Joe AttardiPromise chains
You can create a chain of Promises by returning new Promises from a then handler. Here's a simple example that chains 3 promises together:
Promise.resolve(1)
.then(id => {
console.log(`Success: ${id}`);
return Promise.resolve(2);
}).then(id => {
console.log(`Success: ${id}`);
return Promise.resolve(3);
}).then(id => {
console.log(`Success: ${id}. Done!`);
});
The output of this chain will be:
Success: 1
Success: 2
Success: 3. Done!
To handle any errors that may occur in the chain, you can add a call to catch at the end of the chain. If any of the Promises are rejected, this catch handler will run, and the rest of the chain is skipped.
Promise.resolve(1)
.then(id => {
console.log(`Success: ${id}`);
return Promise.reject(2);
}).then(id => {
console.log(`Success: ${id}`);
return Promise.resolve(3);
}).then(id => {
console.log(`Success: ${id}. Done!`);
}).catch(id => {
console.log(`Error: ${id}`);
});
The output of this chain will be:
Success: 1
Error: 2
The weird parts
If you add more then calls after the catch, they will run!
Promise.resolve(1)
.then(id => {
console.log(`Success: ${id}`);
return Promise.reject(2);
}).then(id => {
console.log(`Success: ${id}`);
return Promise.resolve(3);
}).then(id => {
console.log(`Success: ${id}. Done!`);
}).catch(id => {
console.log(`Error: ${id}`);
}).then(() => {
console.log('Another then!');
});
You'll get this output:
Success: 1
Error: 2
Another then!
Why does the chain continue after the catch? As it turns out, you can return another Promise from a catch handler. Here, the catch handler just prints to the console. The handler function, then, returns undefined. This actually returns a new Promise, fulfilled with the value undefined. You can verify this by adding the id argument to the last then:
Promise.resolve(1)
.then(id => {
console.log(`Success: ${id}`);
return Promise.reject(2);
}).then(id => {
console.log(`Success: ${id}`);
return Promise.resolve(3);
}).then(id => {
console.log(`Success: ${id}. Done!`);
}).catch(id => {
console.log(`Error: ${id}`);
}).then(id => {
console.log(`Success: ${id}`);
});
And the output:
Success: 1
Error: 2
Success: undefined
Re-rejecting
This is a contrived scenario, but consider a function that does some asynchronous work and returns a Promise. Maybe it's a function that wraps the Fetch API, to return the JSON content. It has a catch for centralized request error logging:
function getJSON(url) {
return fetch(url)
.then(response => response.json())
.catch(error => console.log('Fetch error:', error));
}
What happens if there's an error with the Fetch call? Before reading this post, the result might surprise you!

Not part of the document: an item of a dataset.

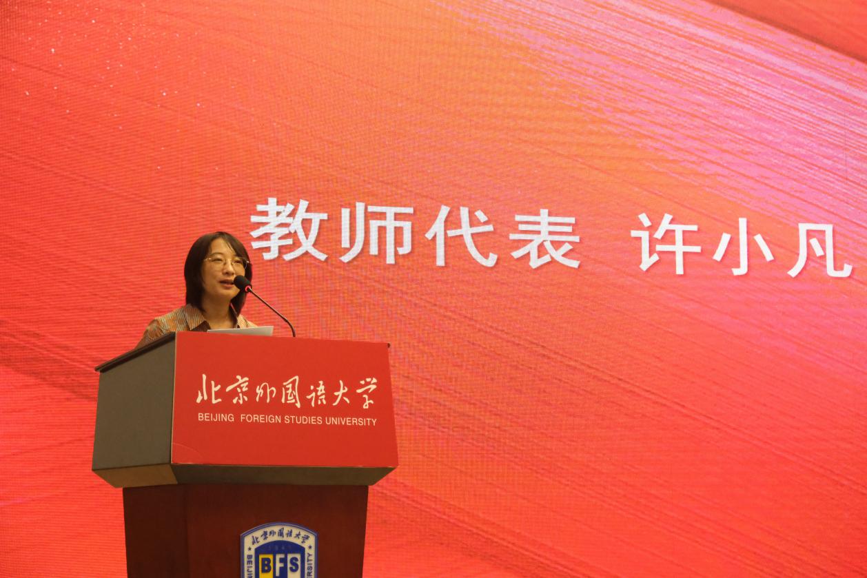 教师代表许小凡老师回忆了自己在北外的往昔点滴,并祝愿大家能够从英语学院收获温暖的回忆和光明的未来。许小凡老师提出,在如今这个机器快速进步的时代,英语这样的学科愈发珍贵,因为大学不仅培养“术”与技能,也有“道”的教育,希望大家在这里既能达到对英语学习的深层理解,也能迎接科技进步的挑战,不仅满足于字面的雕琢,更能深入文化内部,寻求不同心灵的共振。

getJSON('http://invalid.fake')
.then(data => console.log('Success!', data))
.catch(() => console.log('Error!'));
Logically you might expect that Error! will be printed. But what actually happens is that getJSON logs the Fetch error but returns a fulfilled Promise. Your then handler will be executed and print:
Success! undefined
In order to get the result you want, the catch handler inside getJSON has to return a rejected Promise. You have to "re-reject" it:
function getJSON(url) {
return fetch(url)
.then(response => response.json())
.catch(error => {
console.log('Fetch error:', error);
return Promise.reject(error);
});
}
You could also throw the error, which will implicitly return a rejected Promise as well:
function getJSON(url) {
return fetch(url)
.then(response => response.json())
.catch(error => {
console.log('Fetch error:', error);
throw error;
});
}
Either way, now when you call getJSON and an error occurs, it will correctly return a rejected Promise.
Summary
Promise chains actually work a lot like try/catch blocks in JavaScript. If an exception is thrown within a try block, it jumps right to the catch block and skips the rest of the try - just like how catch() skips the rest of the Promise chain.
Also, if you have a function that catches an exception, you'll need to re-throw it if you want it to propagate back up to the calling function.